This nice UNIX command allows you to sort the rows of a text file according to predetermined criteria. Let’s do a few simple examples.
Imagine you have a text file called Data.txt structured as below:
Anna 24 Italy Joe 41 Oregon Kate 16 UK Phil 35 Netherlands
If you want to sort the rows according to the age (the second column), you can do it with sort -k 2 Data.txt obtaining this output:
Kate 16 UK Anna 24 Italy Phil 35 Netherlands Joe 41 Oregon
The -k 2 option means that the sort operation is done considering the values of the second column from left.

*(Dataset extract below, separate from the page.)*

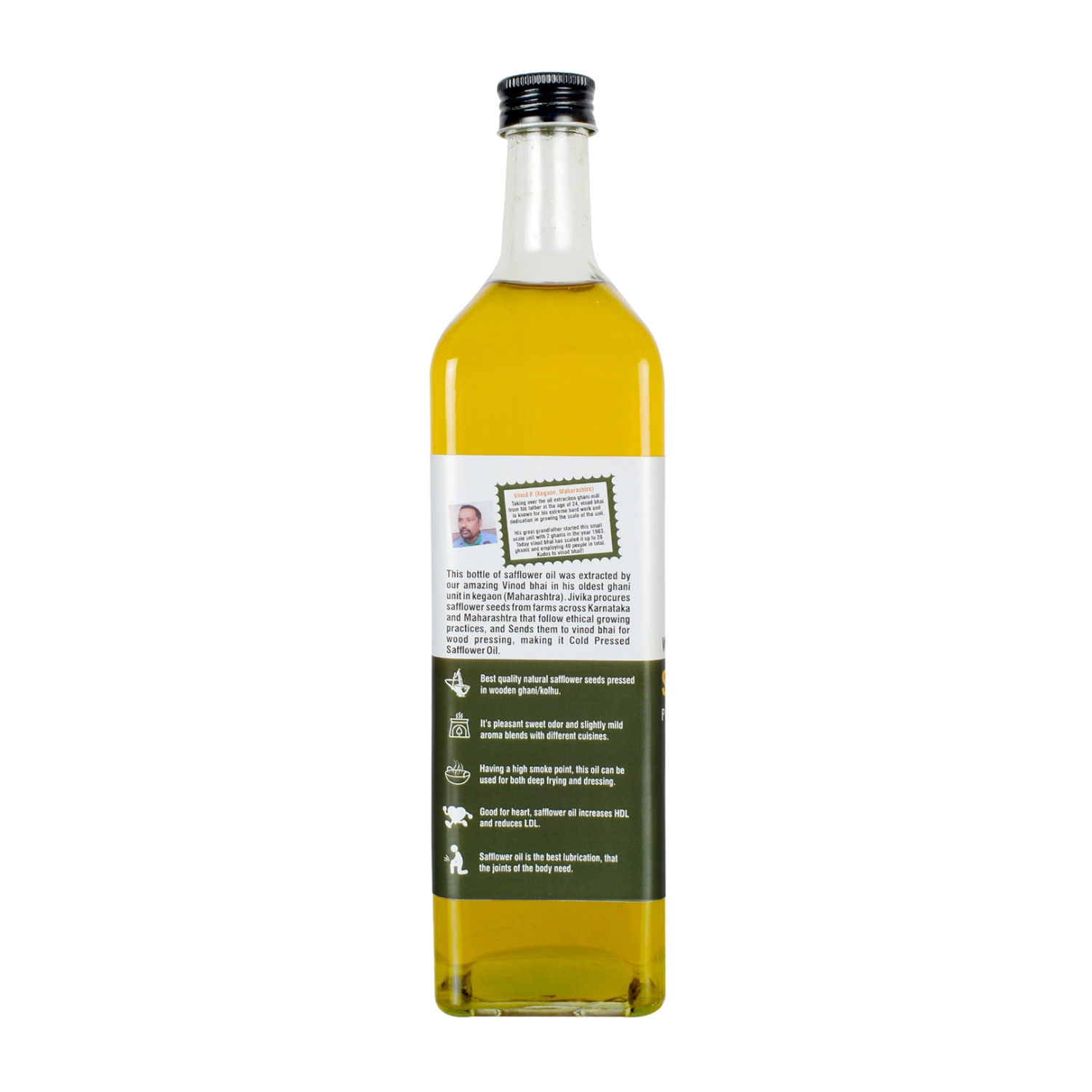 Our Cold Pressed Safflower Oil is 100% pure and unrefined. Extracted at a temperature of 45° C, it retains all the nutrients and aroma of the safflower seed. This nutritious cooking oil has a neutral flavour and can tolerate the extremely high temperatures of Indian cooking.

In the same way you can order the rows according to the names (first column), so the command now is sort -k 1 Data.txt and the result is this:
Anna 24 Italy Joe 41 Oregon Kate 16 UK Phil 35 Netherlands
You can also reverse the order by adding the -r option. So, if you consider the first example, the command becomes sort -r -k 2 Data.txt and the output will be:
Joe 41 Oregon Phil 35 Netherlands Anna 24 Italy Kate 16 UK
If you want to redirect the output on another text file instead of the standard output, you can use the -o option. In this case the command is something like this: sort -r -k 2 Data.txt -o DataSorted.txt.
Now, what if you have the same text file with an heading?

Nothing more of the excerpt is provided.